* What the task asks
Pictures in the data must not be copied, but everything else should be output exactly.

━━ Available data

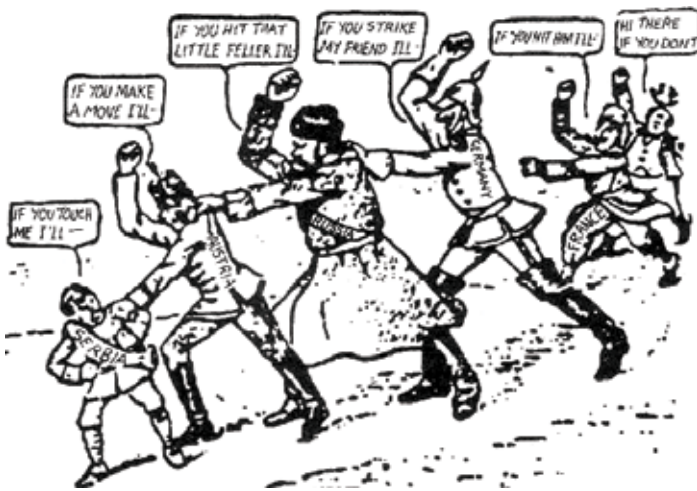
Cartoon from the Brooklyn Eagle , published in July 1914, illustrating the chain of alliances in Europe.

window into the chain of cause and effect that drives history forward.
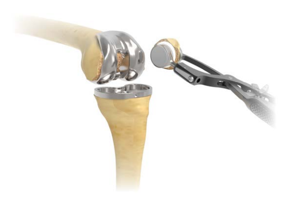
Figure 3 Assemble the Truliant Patella Clamp Head to the Truliant Spiked Patella Prep Handle and Clamp Patella Component Onto Bone

━━━━

* Answer to this task
Cartoon from the Brooklyn Eagle , published in July 1914, illustrating the chain of alliances in Europe.

window into the chain of cause and effect that drives history forward.
Figure 3 Assemble the Truliant Patella Clamp Head to the Truliant Spiked Patella Prep Handle and Clamp Patella Component Onto Bone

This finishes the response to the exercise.